## TASK TO CARRY OUT
Where the data below begins, start duplicating lines exactly, and finish with the line containing "Tra le opere"; add nothing else. Leave the pictures out.

## GIVEN RECORDS
------------------------------------------------
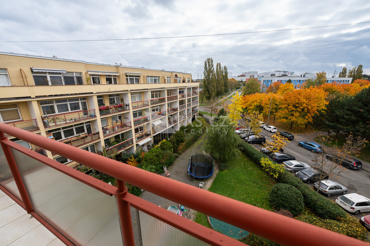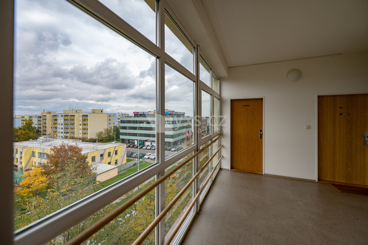 Byt se nachází v nízkopodlažní budově s výtahem, jde o novostavbu z roku 2000. Byt je mimořádně prostorný, světlý a tichý. Byt je čerstvě po rekonstrukci, je zde nová kuchyňská linka včetně spotřebičů, repasované podlahy, čerstvá bílá výmalba.
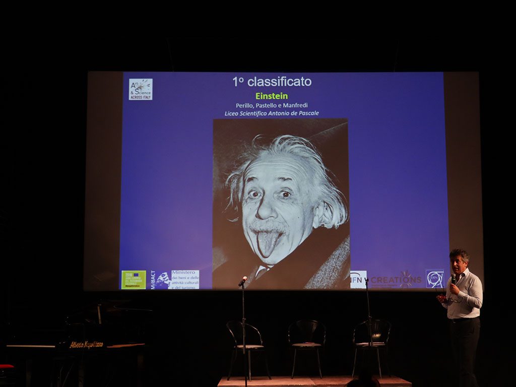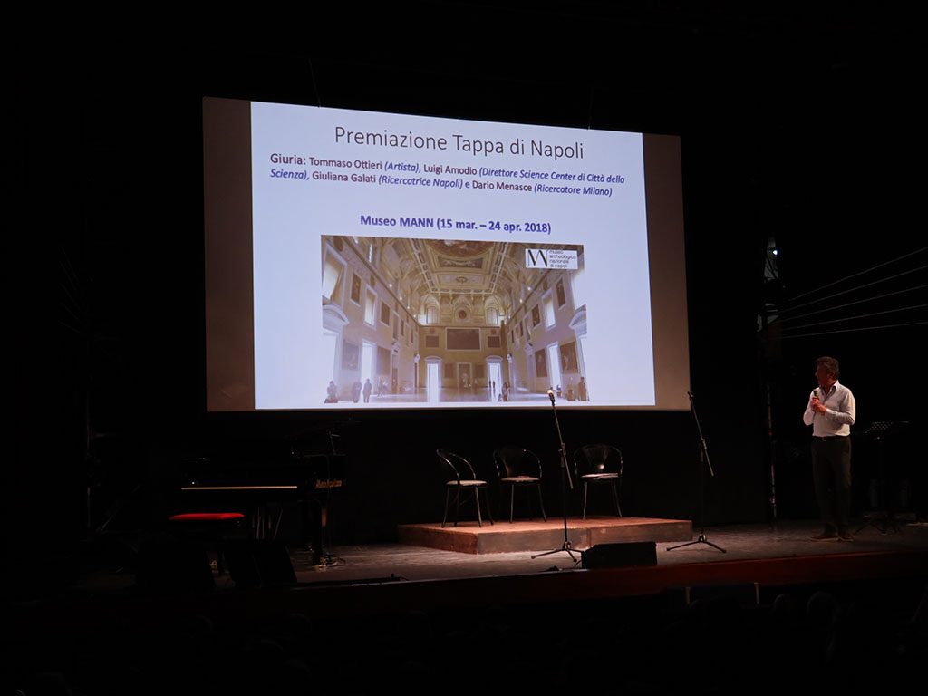 Tra le opere esposte, venerdì al Teatro Diana sono state premiate le opere più votate, anche in base a creatività e apprezzamento sui social. In totale sono state assegnate 24 borse di studio, messe a disposizione dei ragazzi, dall’INFN, dal CERN, dalla Università Federico II, dal Dipartimento di Fisica della Federico II, dalla Fondazione Banco di Napoli. dalla Fondazione Cassa di Risparmio di Firenze e dal Rotary.
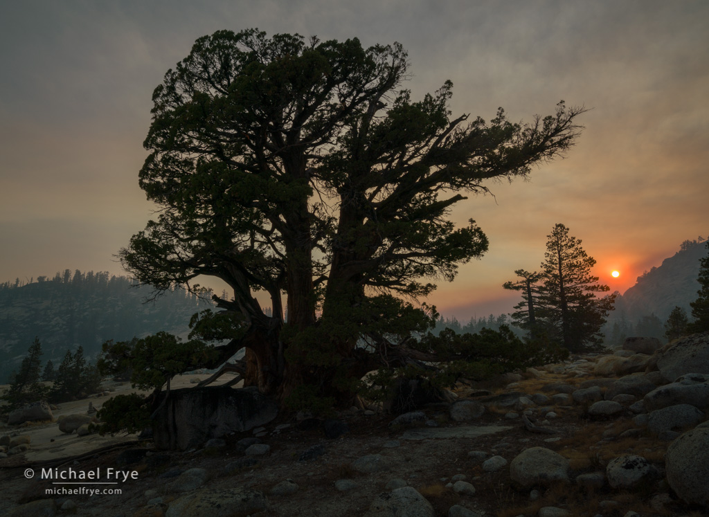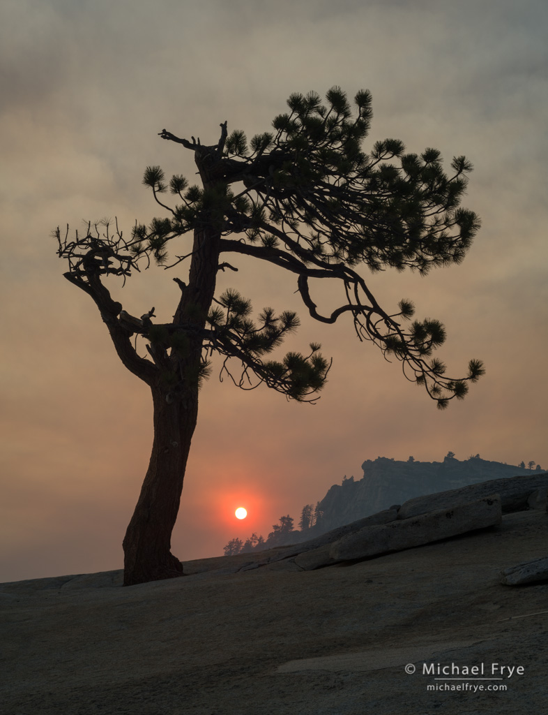 Smoky sunset at Olmsted Point with Jeffrey pine, Yosemite. Smoke often turns the sun into an orange ball when it’s high above the horizon, creating interesting juxtapositions that you wouldn’t normally see. I bracketed exposures here in case I needed to blend them together, but ended up using just the middle exposure of the bracketed set, balancing the contrast with Lightroom’s Highlights and Shadows sliders.
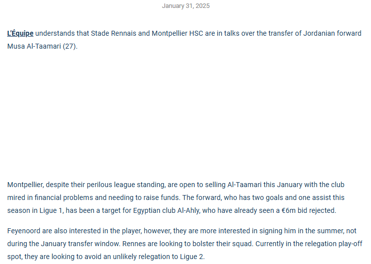 وأكدت الصحيفة، أن ناديا رين ومونبلييه يجريان محادثات بشأن انتقال المهاجم الأردني موسى التعمري.
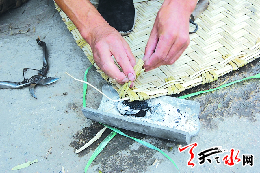 到了给竹席收边的环节,靳长生的妻子拿出一个小搪瓷壶在草席一侧浇上开水,随后靳长生又从后院拈出一瓦楞,上面铺着一层厚厚的灰,灰上放着一块正在燃烧的木炭。只见他在竹席上蹲下身来,慢慢将瓦楞里的木炭垫在竹席收边下方,待篾签烘烤软后便熟练地向内折起,别好,然后再移向下一处。看着他不慌不忙地一点点操作,记者也想试着操作一下,没想到手才靠近木炭,就被炭火的热气给烫了。靳长生告诉记者,竹席收边也算是一道比较复杂的工序,尤其是炭火的火候如果掌握不好,稍不留神要么手被烫起泡,要么篾签被烧焦,别看他现在干这道工序轻车熟路,当初可没少吃苦头。
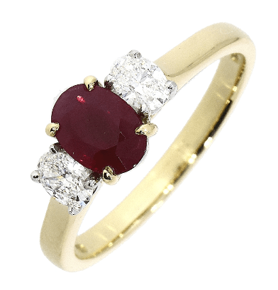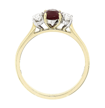 Oval cut ruby set in 18ct yellow gold, adorned with two oval diamonds set in 18ct white gold, with an 18ct yellow gold band.
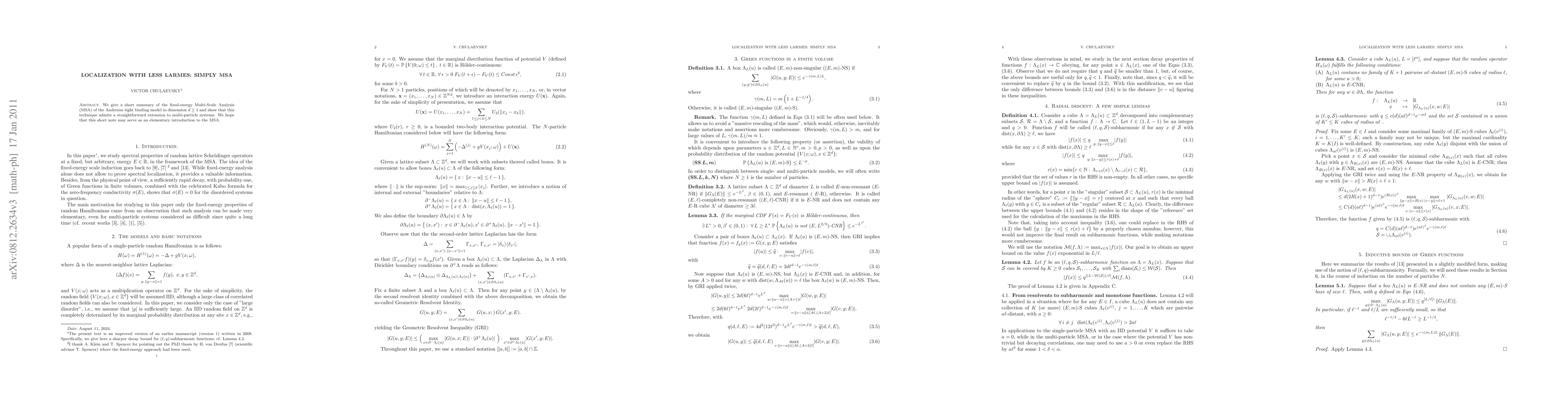 We give a short summary of the fixed-energy Multi-Scale Analysis (MSA) of the Anderson tight binding model in dimension $d\ge 1$ and show that this technique admits a straightforward extension to multi-particle systems. We hope that this short note may serve as an elementary introduction to the MSA.
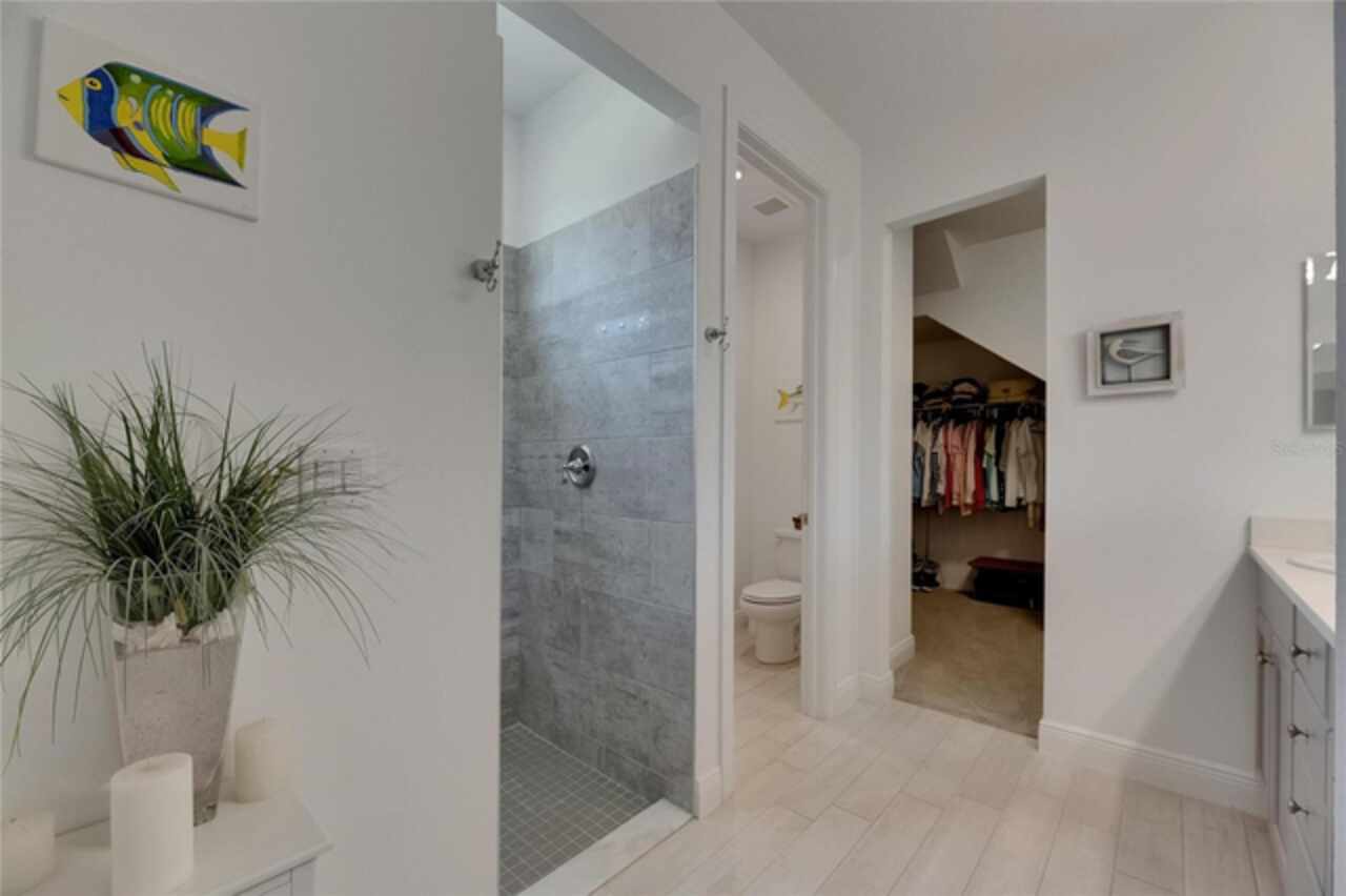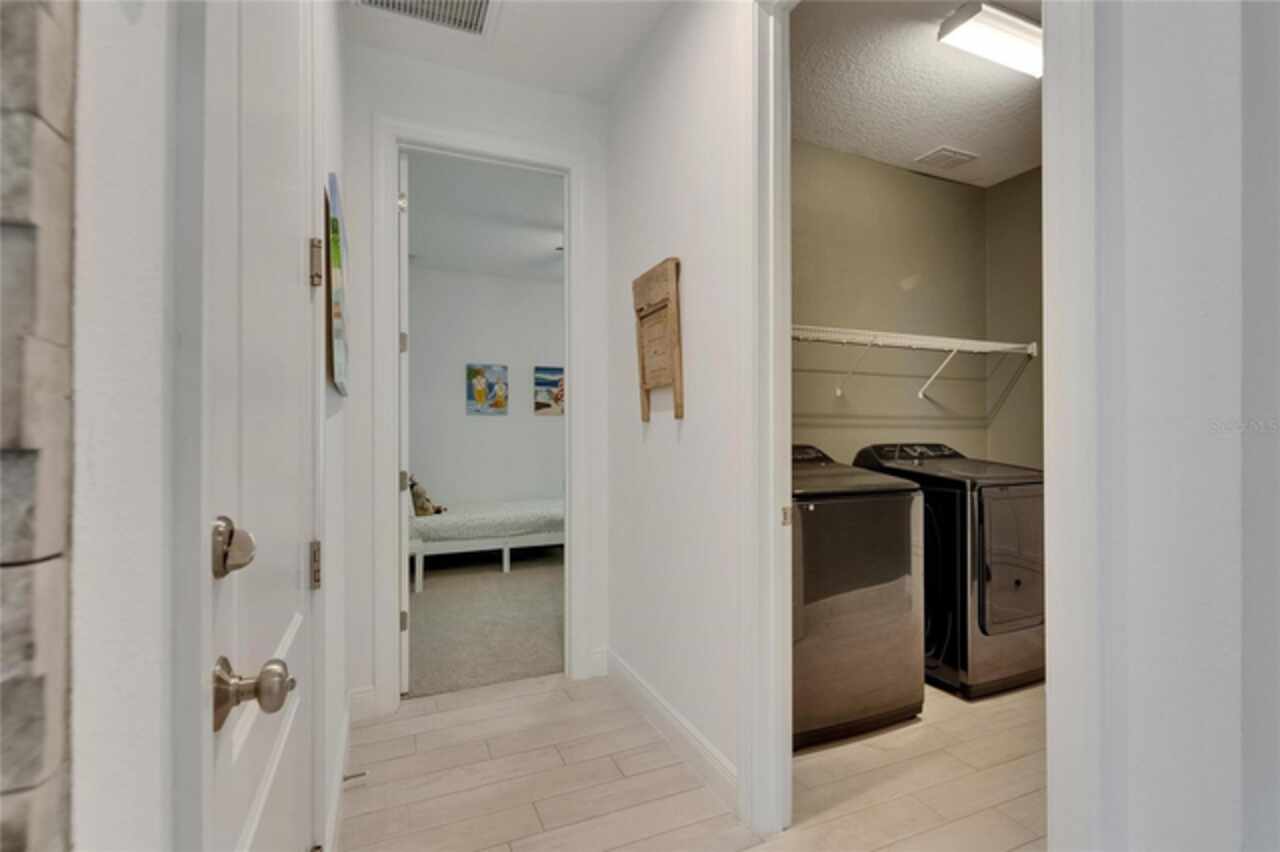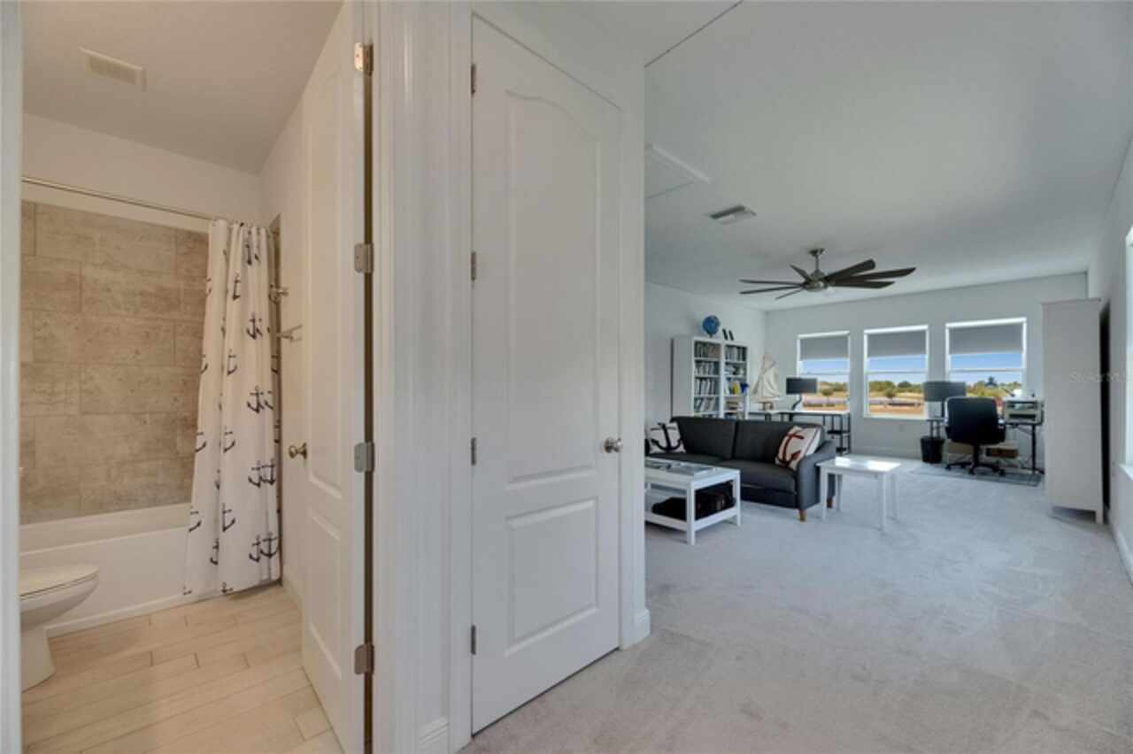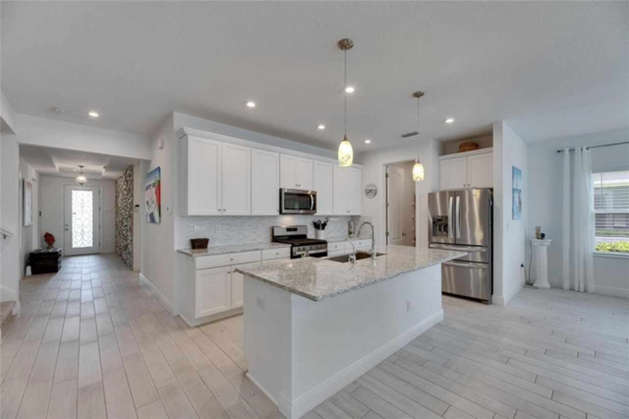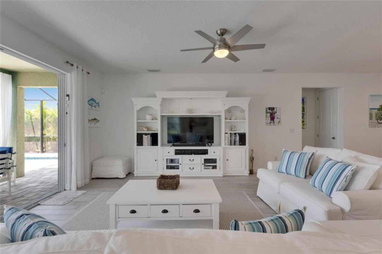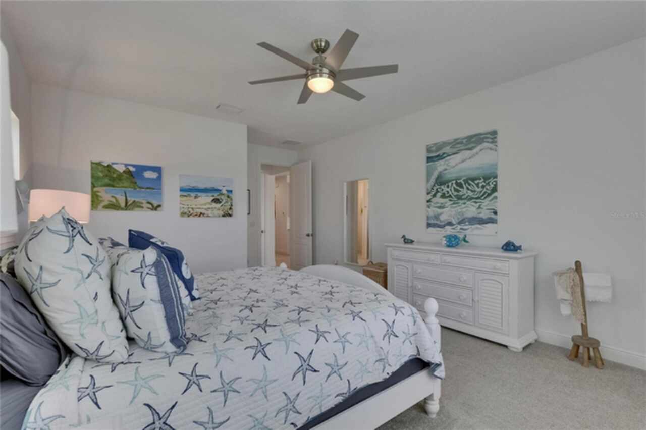 5814 Silver Sun Drive is a beautiful 4-bedroom, 3-bath plus office waterfront pool home located right in the heart of Apollo Beach. With 2, 774 square feet of living space, there’s plenty of room to stretch out and enjoy every part of this home. Built in 2020 by Cardel Homes, this highly popular Northwood II with a second-floor bonus room floorplan has been carefully maintained and feels fresh and ready for new memories. The home features stunning water views with greenspace beyond. The kitchen is open to the living and dining areas and includes light cabinets, quartz countertops, a gas stove, upgraded Whirlpool stainless steel appliances, a walk-in oversized pantry, and a large 8-foot island perfect for gathering. The main living space offers tall ceilings, tall doors, abundant natural light, and easy-to-care-for wood-look plank tile flooring. A true split floorplan, three bedrooms are located downstairs, including the spacious owner's suite, which features an oversized walk-in closet, a spacious shower, and double sinks. The office features glass French doors and is roomy enough for two. Upstairs, there’s a huge bonus room with a full bathroom and a walk-in closet—ideal for guests, a playroom, or a second living space—with breathtaking views overlooking the pond. The backyard is one of the best parts of this home. Step outside to your private pool and spa, surrounded by a panoramic screen enclosure with no beams to obstruct your view. The pool overlooks a peaceful pond with west facing views, making it a perfect spot to relax at the end of the day while you watch the sunset over the water. The extended lanai offers plenty of space for outdoor dining and entertaining. There’s also plenty of room to add a fence and dog run, creating a perfect outdoor haven for your four-legged friends. Additional features include a 2-car garage with epoxy flooring. Family-owned Cardel Homes offers far more quality standard features than most other builders, such as upgraded cabinetry, upgraded quartz and granite, level 2 17”x17” tile, RedGard coating applied under all tile, Bora-Care termite treatment on interior walls, double-glazed low-E windows, 30-year dimensional shingles, pest control tubes in walls, decorative coach lights, vapor barrier steel-reinforced concrete foundation, structurally engineered roof trusses secured with high-strength galvanized steel hurricane straps, and masonry block wall construction with engineered poured concrete cells with steel reinforcement. Waterset is one of Apollo Beach’s favorite neighborhoods, and one of the most highly sought after neighborhoods in the entire county. Packed with community amenities like multiple pools, water slides, a splash park, dog parks, playgrounds, fitness centers, tennis, basketball and pickleball courts, and miles of walking trails. Plus, this home is just a short stroll from one of the neighborhood’s newest parks and pool areas, as well as the newly opened 20-acre outdoor recreation center. Come see why so many are making the move to Waterset — 5814 Silver Sun Drive is ready for you to call it home.
------------------------------------------------
## TASK RESULT
 Byt se nachází v nízkopodlažní budově s výtahem, jde o novostavbu z roku 2000. Byt je mimořádně prostorný, světlý a tichý. Byt je čerstvě po rekonstrukci, je zde nová kuchyňská linka včetně spotřebičů, repasované podlahy, čerstvá bílá výmalba.
 Tra le opere esposte, venerdì al Teatro Diana sono state premiate le opere più votate, anche in base a creatività e apprezzamento sui social. In totale sono state assegnate 24 borse di studio, messe a disposizione dei ragazzi, dall’INFN, dal CERN, dalla Università Federico II, dal Dipartimento di Fisica della Federico II, dalla Fondazione Banco di Napoli. dalla Fondazione Cassa di Risparmio di Firenze e dal Rotary.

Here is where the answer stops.